Anche nei videogiochi il modello dominante è il maschio bianco eterosesssuale?
«Decisamente. Forse di più che in qualsiasi altra industry. Non solo è un modello dominante da un punto di vista di utente finale ma anche di produttore. In quest’ultimo decennio ci si sta muovendo per far emergere titoli "diversi" concentrandosi anche sull’aspetto autoriale della produzione: chi è lo sviluppatore, anzitutto, via via fino ad aspetti apparentemente "minori" (ma che sono in realtà marcatamente "politici") come ad esempio la scelta di come tradurre un gioco per renderlo inclusivo anche nei confronti di un pubblico non-binary. Il lavoro curatoriale svolto da alcuni festival di settore come, per citare due nomi, IndieCade o Games for Change, diventa indispensabile per dare vita a modelli di narrazione alternativa rispetto al mainstream».
Ci sono videogiochi "buoni" e videogiochi "cattivi"?
«Potrei girare la domanda: ci sono libri o film, musica o arte "buona" o "cattiva"? Certamente c’è un confine, ma qui si entra in un territorio legato all’intero concetto di "etica" che la nostra società può avere, e alla responsabilità di chi i giochi li fruisce ma, soprattutto, li crea».
Spesso gli adulti fanno fatica a capire cosa fanno i loro figli durante i giochi. Consigli?

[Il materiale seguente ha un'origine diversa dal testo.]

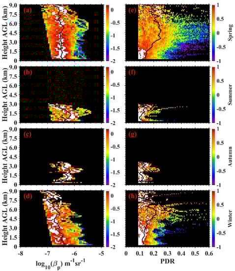 The vertical PDF distribution of seasonal particulate backscatter coefficients (a–d) and PDR for MPL (e–h) at the NSA site from January 2013 to September 2017. Rows from top to bottom are for spring (a,e), summer (b,f), autumn (c,g) and winter (d,h), separately. The seasonal average profiles (black lines) are plotted in each sub-figure. The color bar is the log scale of PDF distribution values of particular backscatter coefficients and PDR in each 150 m.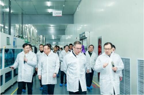 儀式結(jié)束后,與會(huì)領(lǐng)導(dǎo)們一行走進(jìn)生產(chǎn)車間,詳細(xì)了解TOPCon太陽能電池的整套生產(chǎn)工藝流程。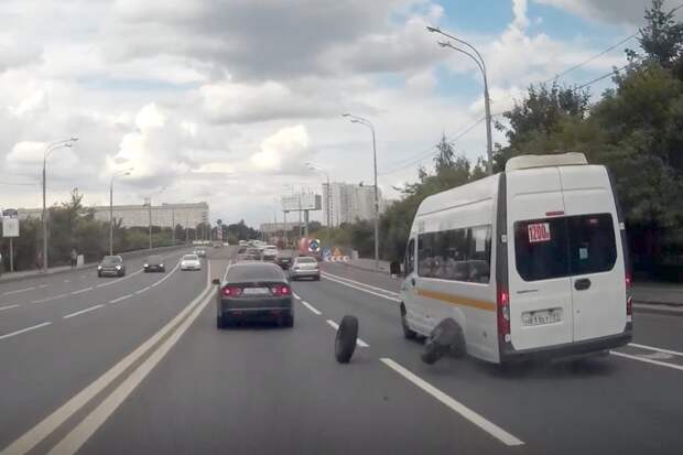 На юге Москвы у маршрутного микроавтобуса в пути оторвались две покрышки.

«Quando una coppia ha un figlio, ci si informa e interroga su tutto: dal produttore del cotone organico della tutina alle case editrici di libri che utilizzano carta e inchiostri atossici. Quando si arriva però all’età in cui un bambino vuole videogiocare, i genitori si pongono in maniera oppositiva, preoccupandosi solo degli effetti negativi o presunti tali che il mezzo può generare. Molti passano dal non aver mai toccato un videogioco a giocare a titoli spesso non adatti alla loro età. Trovo questo atteggiamento genitoriale altamente immaturo. È come se si vietasse di leggere fino ai 10-12 anni per poi lamentarsi che il primo libro con cui si viene a contatto è un libro osceno. I genitori devono iniziare a introdurre questo mezzo proprio con la stessa attenzione e curiosità che hanno con gli altri media e su tutto quello che concerne la crescita e l’educazione. Un primo passo sarebbe quello di andare a vedere chi sono gli autori o gli editori dietro ai titoli, proprio come si fa quando ci vengono consigliati dei libri. Quindi, il consiglio che posso dare è: giocare!».